→ How to complete this task
Print the data below verbatim, minus images.

→ Source material
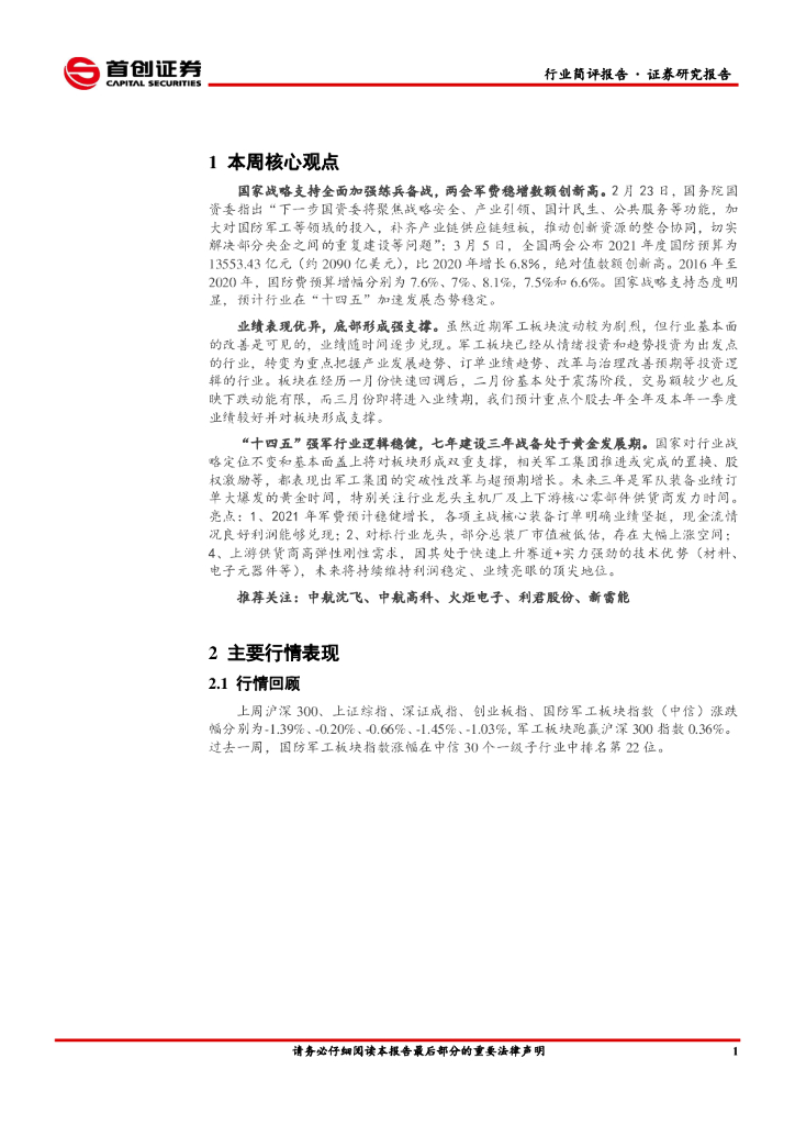 首创证券:国防军工行业周报:全面加强练兵备战,军费稳增助力装备发展.pdf
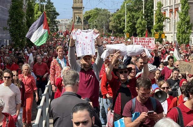 Hollanda’nın Lahey kentinde çeşitli örgütler, sendikalar, partiler “Kırmızı çizgi çek” adı altında Filistin’le dayanışma eylemi gerçekleştirdi.
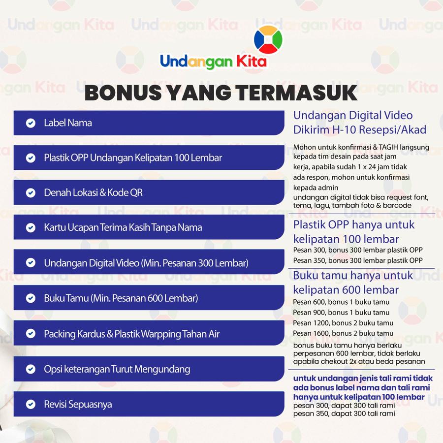 - Plastik OPP: Kemasan plastik bening untuk melindungi undangan.
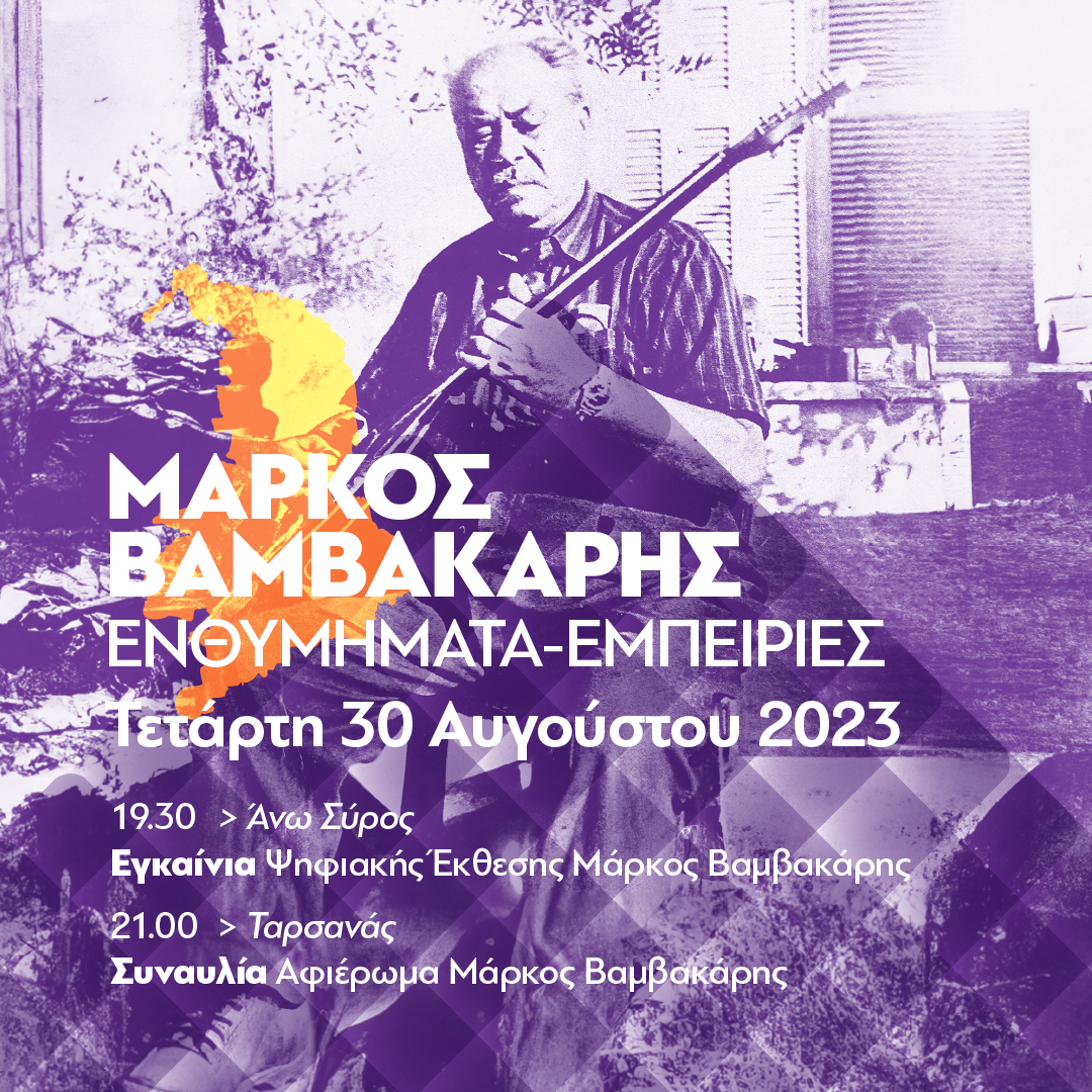 Λίγοι τόποι είναι τόσο άρρηκτα συνδεδεμένοι με τους καλλιτέχνες τους στη συνείδηση του κοινού, όσο η Σύρος με τον Μάρκο Βαμβακάρη. Ο σπουδαίος καλλιτέχνης, ο θεμελιωτής του ρεμπέτικου, γεννήθηκε, εμπνεύστηκε, αγάπησε και αγαπήθηκε βαθιά στη Σύρο, εκεί όπου ο Δήμος Σύρου-Ερμούπολης εγκαινιάζει τη μόνιμη έκθεση «Μάρκος Βαμβακάρης: Ενθυμήματα-Εμπειρίες», αφιερωμένη στη ζωή και το έργο του. Μια σημαντική έκθεση, φόρος τιμής στη συναρπαστική ζωή και την ανεκτίμητη παρακαταθήκη του μεγάλου Συριανού ρεμπέτη, που θα αποτελέσει σταθερό σημείο αναφοράς για κάθε επισκέπτη του νησιού.

→ Task answer
 首创证券:国防军工行业周报:全面加强练兵备战,军费稳增助力装备发展.pdf
 Hollanda’nın Lahey kentinde çeşitli örgütler, sendikalar, partiler “Kırmızı çizgi çek” adı altında Filistin’le dayanışma eylemi gerçekleştirdi.
 - Plastik OPP: Kemasan plastik bening untuk melindungi undangan.
 Λίγοι τόποι είναι τόσο άρρηκτα συνδεδεμένοι με τους καλλιτέχνες τους στη συνείδηση του κοινού, όσο η Σύρος με τον Μάρκο Βαμβακάρη. Ο σπουδαίος καλλιτέχνης, ο θεμελιωτής του ρεμπέτικου, γεννήθηκε, εμπνεύστηκε, αγάπησε και αγαπήθηκε βαθιά στη Σύρο, εκεί όπου ο Δήμος Σύρου-Ερμούπολης εγκαινιάζει τη μόνιμη έκθεση «Μάρκος Βαμβακάρης: Ενθυμήματα-Εμπειρίες», αφιερωμένη στη ζωή και το έργο του. Μια σημαντική έκθεση, φόρος τιμής στη συναρπαστική ζωή και την ανεκτίμητη παρακαταθήκη του μεγάλου Συριανού ρεμπέτη, που θα αποτελέσει σταθερό σημείο αναφοράς για κάθε επισκέπτη του νησιού.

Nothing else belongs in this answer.